# FS: Premiere XL with lifetime - $620 shipped



## Dan203 (Apr 17, 2000)

Like new condition, all original packaging including box, remote, cables, manuals and blue filter glasses (for THX adjustment). Running latest software. I have not done a Clear & Delete yet because that will delete the THX video. Whoever buys can decide if they want me to clear it or just leave it as is. 

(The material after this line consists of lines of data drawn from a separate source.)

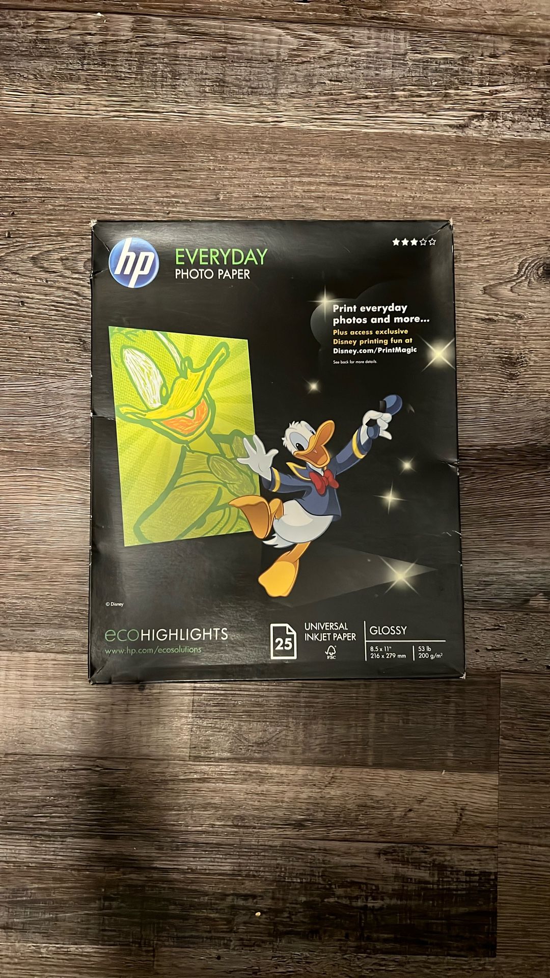New- unopened HP Everyday Photo Paper. Size: 8.5x11”. 25 sheets
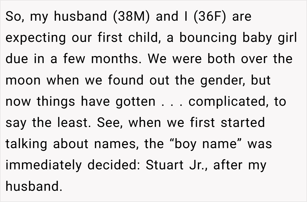 Expecting a child is one of life’s most exciting moments, yet even the sweetest journey can be marred by a seemingly trivial decision—like picking a name. When my husband (38M) and I (36F) learned we were having a baby girl, we celebrated the news with equal parts joy and discussion about names.
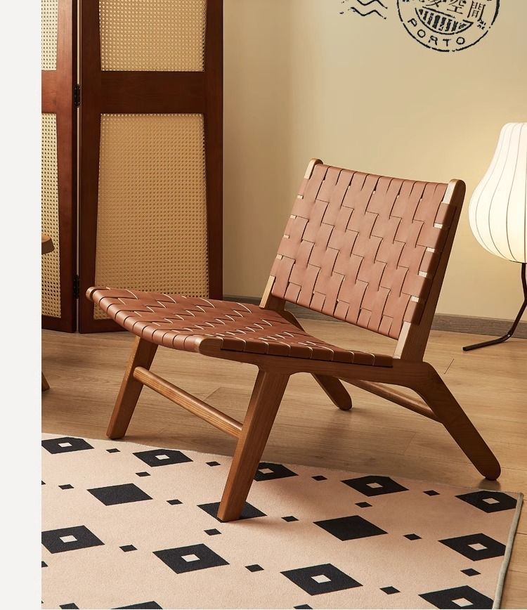 Кресло из седельной кожи, ретро, из массива дерева, простое, с веревочным спинкой, для отдыха, популярное кресло для взрослых
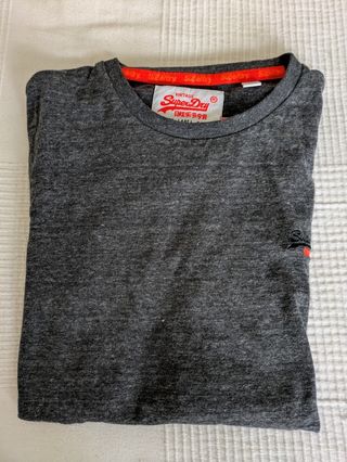 Camiseta de manga corta Superdry en color gris jaspeado claro. Con el logo de Superdry bordado en el pecho. De mujer y talla L. A 8€. Precio negociable si se vende con más productos de mi perfil.

Edit: Price lowered to $620 shipped

Edit: Also, FYI, this is real lifetime not MSD lifetime. I had a lifetime card I bought years ago that I applied to the Premiere when I bought it. So it should be capable of being used as a primary unit to get MSD on any other TiVos.

Dan


----------



## StrynBean (Aug 5, 2004)

Do you still have this?


----------



## Dan203 (Apr 17, 2000)

Yes

Dan


----------



## phdeez (Aug 21, 2003)

Dan203 said:


> Edit: Also, FYI, this is real lifetime not MSD lifetime. I had a lifetime card I bought years ago that I applied to the Premiere when I bought it. So it should be capable of being used as a primary unit to get MSD on any other TiVos.
> 
> Dan


Can you explain this a little more? How can I tell if I break a Tivo off my account if someone else can use it as a "primary" for MSD?


----------



## Dan203 (Apr 17, 2000)

OK I'm not 100% sure how/if they can tell, but I know there are some rules surrounding MSD and primary TiVo. For example if you have a real lifetime TiVo on your account, then you purchase another lifetime TiVo at the MSD price, then you get rid of the original unit you will no longer qualify for MSD even though you still have a lifetime unit on your account. Because that unit was purchased using the MSD discount it can not be used as the primary unit to qualify other TiVos for MSD. Now I'm not sure how this works when service is transferred to another owner. It may or may not be an issue. I was only pointing out that it shouldn't be an issue with this unit since it has "real" lifetime and not MSD lifetime.

Dan


----------